When a user requests the file using the public URL, web server software maps the public address to the private file system location and retrieves the file.
For example, a website might offer a file called report.pdf, with a public URL that looks like this:
https://www.example.com/?file=report.pdf
Which maps to the file report.pdf in the directory /var/www/html on a server file system.
/
└── var/
└── www/
└── html/
└── report.pdf
On a secure, well configured website or application, the web server enforces rules that restrict the files and directories a website user has access to.

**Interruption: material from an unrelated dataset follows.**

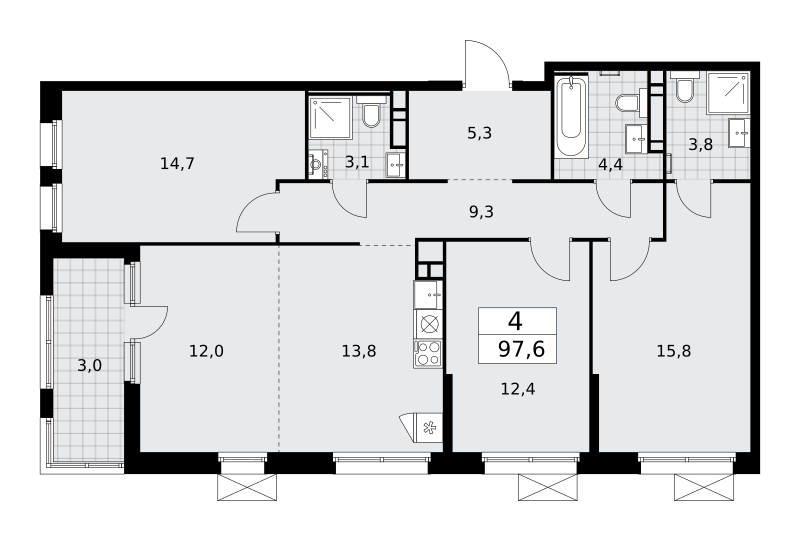 Продаётся 4-комнатная квартира, площадью 97,6 кв. м на 13-м этаже дома бизнес-класса в ЖК "Скандинавия". Квартира с функциональной планировкой: большие окна, высота потолка 3,1 м, балкон, гардероб, мастер-спальня.

On a website with a path traversal vulnerability, an attacker can manipulate a public HTTP address to access parts of the private file system they should not be able to reach. Typically, they do this using “relative paths,” file paths that contain symbols like ../, which means “go up one level from here”.

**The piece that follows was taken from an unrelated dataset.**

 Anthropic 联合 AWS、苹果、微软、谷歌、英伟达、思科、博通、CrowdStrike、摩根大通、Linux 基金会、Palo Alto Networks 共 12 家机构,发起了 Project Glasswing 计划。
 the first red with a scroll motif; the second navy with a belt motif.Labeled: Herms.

So, a path traversal vulnerability might allow a user to replace report.pdf in our example URL with a relative path, like ../../../../etc/passwd.

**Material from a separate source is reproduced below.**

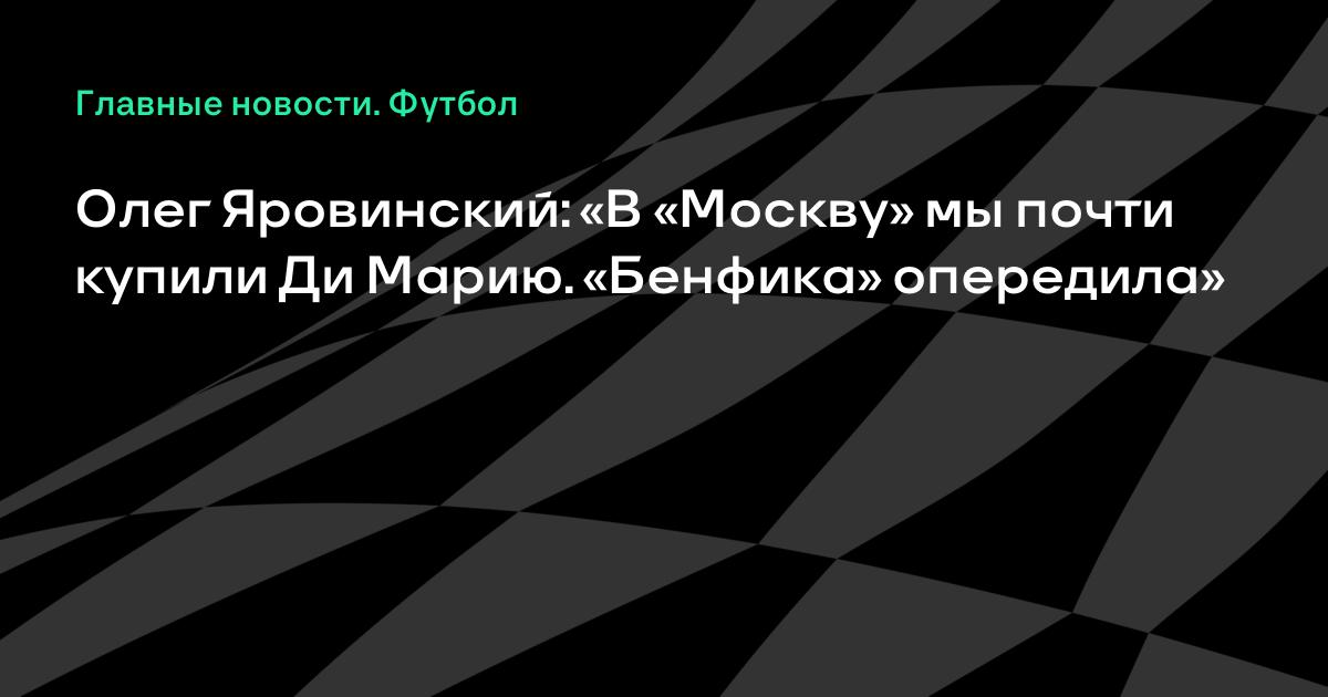 Олег Яровинский: «В «Москву» мы почти купили Ди Марию. «Бенфика» опередила»

https://www.example.com/?file=../../../../etc/passwd
Note that the URL might be URL encoded, in which case it would look like this:
https://www.example.com/?file=%2E%2E%2F%2E%2E%2F%2E%2E%2F%2E%2E%2Fetc/passwd
This URLs above both map to /var/www/html/../../../etc/passwd on the file system, which will be interpreted as /etc/passwd, the Unix password file.
/
└── etc/
└── passwd
Path traversal vulnerabilities can be used to access confidential data, such as credentials, and in some cases they can even be used to run arbitrary code, which can lead to a complete takeover of the target.
Protecting against path traversal attacks
Software you use
Preventing path traversal attacks starts with ensuring that your servers are configured correctly, starting with the correct file and directory permissions. Publicly accessible files should also be contained within the web server’s document root rather than scattered around the file system. It is worth noting, too, that relative paths cannot span disk drives, which is why you will see recommendations like: “For Windows IIS servers, the web root should not be on the system disk.” Otherwise, a successful attacker could use a path traversal vulnerability to gain access to system directories.
The best way to protect your organization against path traversal vulnerabilities caused by coding errors in software you use is to use a tool like ThreatDown’s vulnerability and patch management. This ensures that patches are applied quickly and efficiently, before an attacker can reverse engineer them to create an exploit. A web application firewall (WAF) can provide a useful second layer of protection, by blocking suspicious-looking requests.
Software you maintain
If your website uses software written in house, or your organization is a software vendor, then you are responsible for ensuring that path traversal vulnerabilities don’t creep into your code.
This begins with validating and sanitizing all user input so that users are restricted to a set of allowed actions. Validation ensures that input matches what’s expected, while sanitization removes or renders safe anything that might be harmful. Note that if you are dealing with URLs, input may come URL encoded. (When dealing with URL encoding, watch out for the null-bytes being used to bypass validation—?file=report.pdf%00.exe will be interpreted by some applications as ending in “.pdf” while the operating system sees a file ending in “.exe”.)
Input should be validated and sanitized on arrival, and again before it is used in system calls, to protect against attackers providing input in unexpected ways.
Rather than inventing your own validation and sanitization routines, we recommend you use robust, well-maintained libraries and frameworks to do it for you, wherever possible.